8. Riding Windhorses: A Journey into the Heart of Mongolian Shamanism (2000) by Sarangerel Odigon. The first book written about Mongolian and Siberian shamanism by a shaman trained in that tradition. This is a great introduction to Mongolian and Siberian shamanic beliefs and practices. Sarangerel was an American of Mongolian descent. As an adult she returned to live in the place of her ancestors and studied Mongolian shamanism for many years. She was the author of two books on Tengerism (Mongolian shamanism). Both of her books are in my top 10.

9. Chosen by the Spirits: Following Your Shamanic Calling (2001) by Sarangerel Odigon. In her second book, Sarangerel delves more deeply into the personal relationship between the shamanic student and his or her spirit family. She recounts her own journey into Mongolian shamanism and provides the serious student with practical advice and hands-on techniques for recognizing and acknowledging a shamanic calling, welcoming and embodying the spirits, journeying to the spirit world, and healing both people and places.
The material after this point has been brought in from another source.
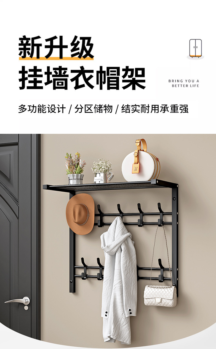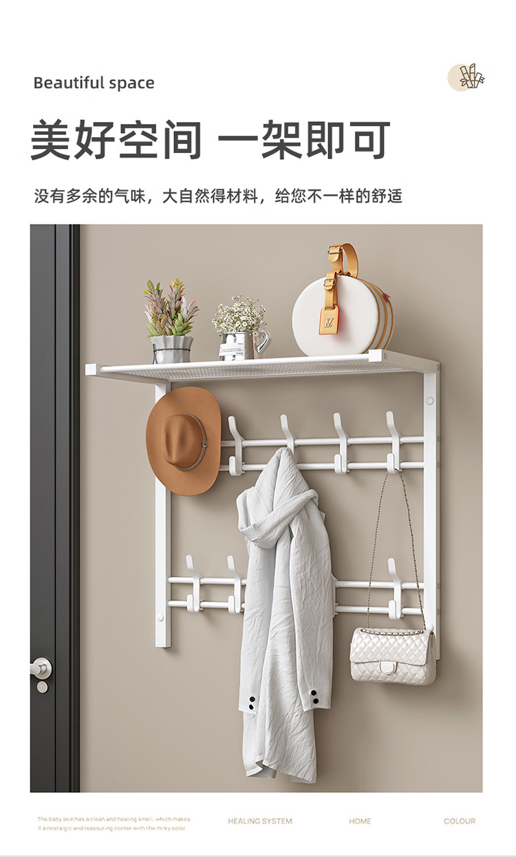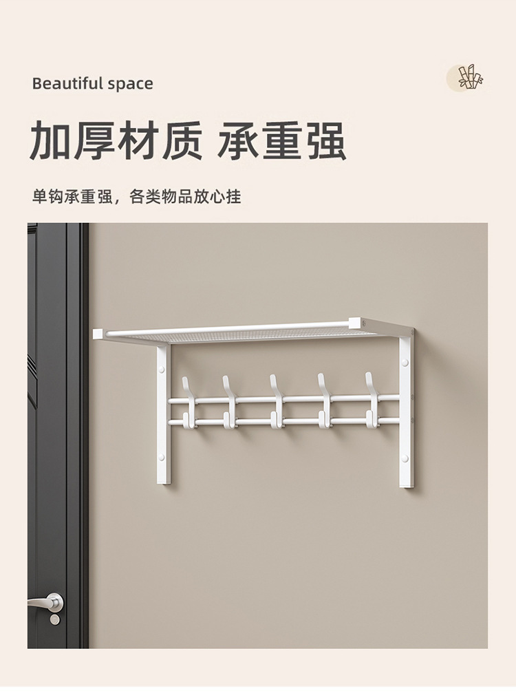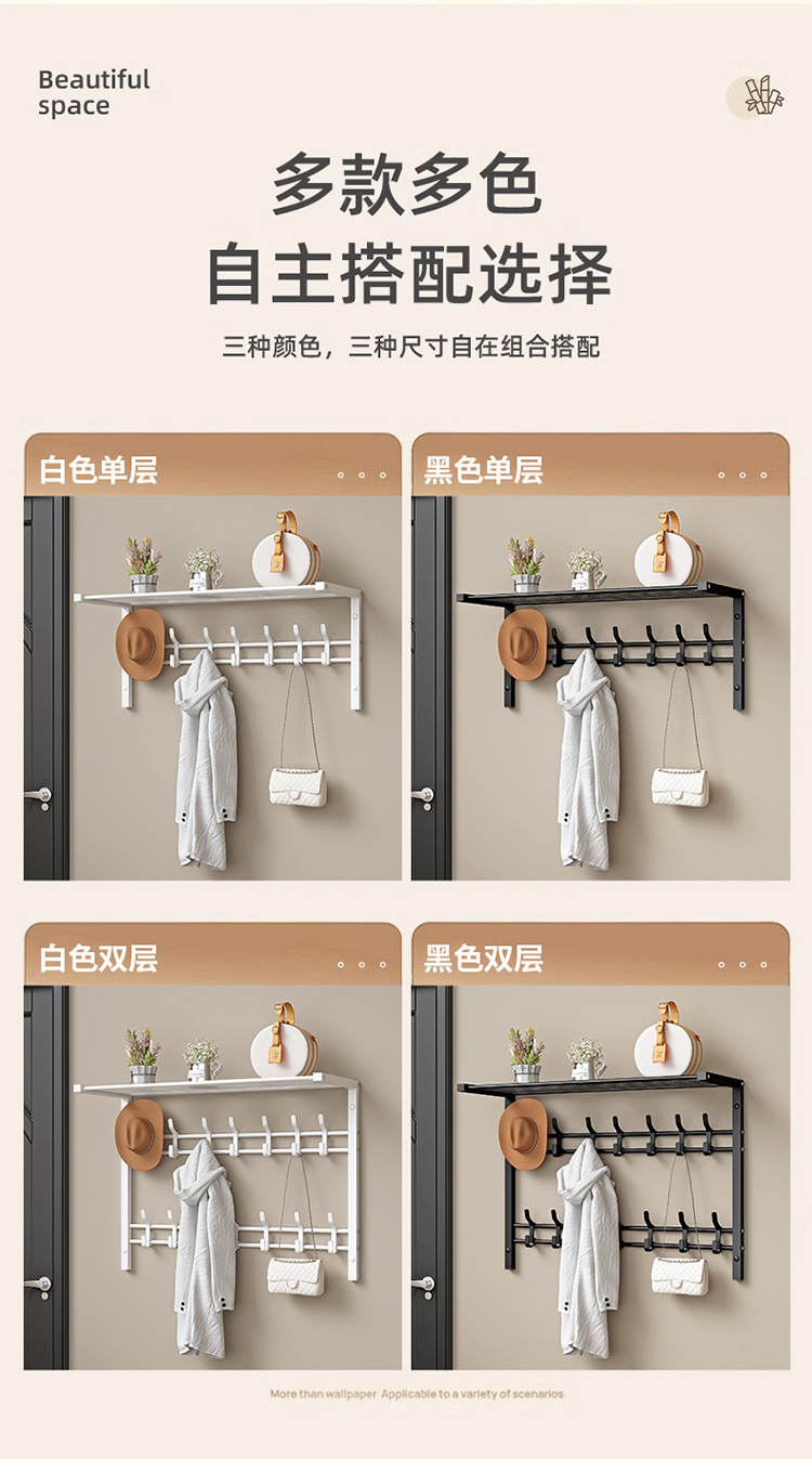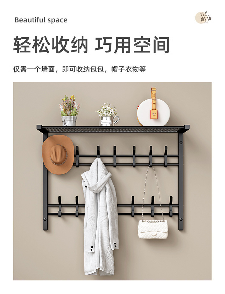 推荐理由:免打孔墙壁挂衣架厂家批发家用玄关门后壁挂衣帽收纳架金属置物架

Sarangerel traveled across the globe passing on the teachings of her people to all who wanted to learn them. Sadly, in 2006 she passed into spirit.
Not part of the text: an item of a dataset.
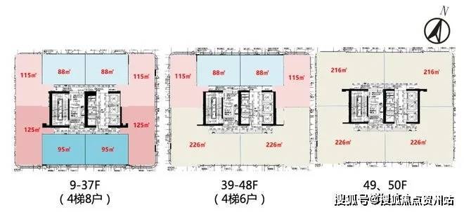 •建筑形态:194米超高层塔楼,共50层,分为低区(9-38层)、高区(39-48层)及顶层(49-50层),梯户比从低区4梯8户到顶层4梯4户逐级优化。
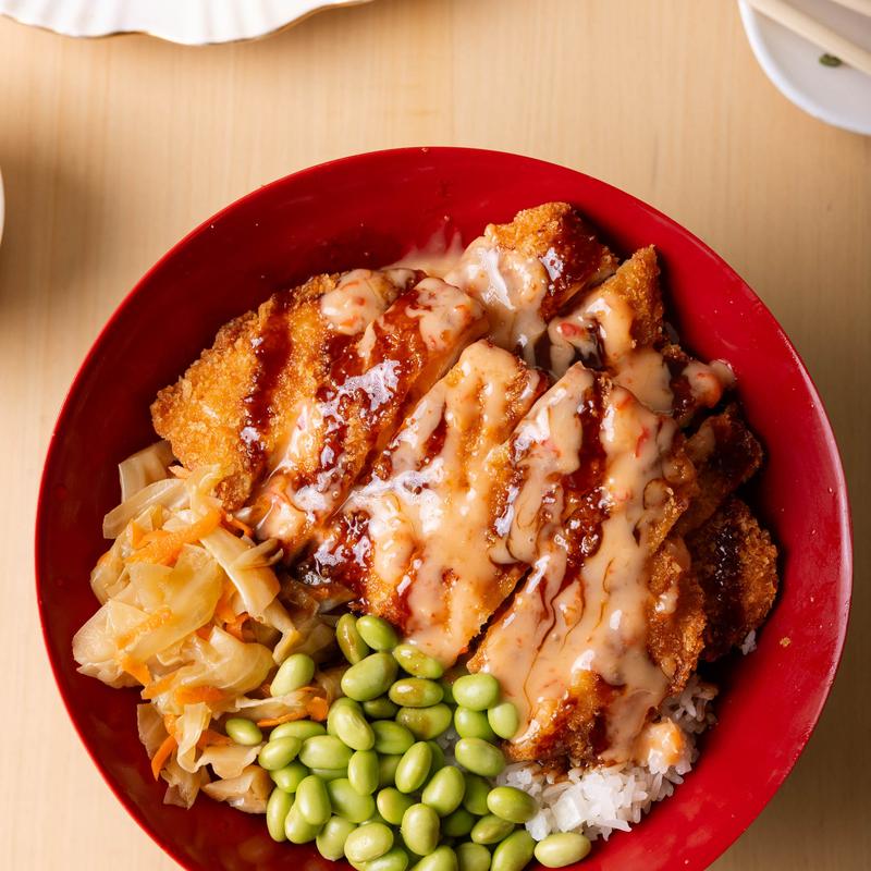White rice with breaded fried chicken, chef special seasoning, pickled cabbage, carrot, edamame, spicy mayo

10. Shamanism: A Biopsychosocial Paradigm of Consciousness and Healing (2010) by Michael Winkelman. Winkelman is one of the world's foremost scholars on shamanism. His groundbreaking book contains cross-cultural examinations of the nature of shamanism, biological perspectives on alterations of consciousness, mechanisms of shamanic healing, as well as the evolutionary origins of shamanism. It presents the shamanic paradigm within a biopsychosocial framework for explaining successful human evolution through group rituals. According to Winkelman, shamanism is rooted in innate functions of the brain, mind, and consciousness. As Winkelman puts it, "The cross-cultural manifestations of basic experiences related to shamanism (e.g., soul flight, death-and-rebirth, animal identities) illustrates that these practices are not strictly cultural but are structured by underlying, biologically inherent structures. These are neurobiological structures of knowing that provide the universal aspects of the human brain/mind." This book is a must read for any serious student of shamanism.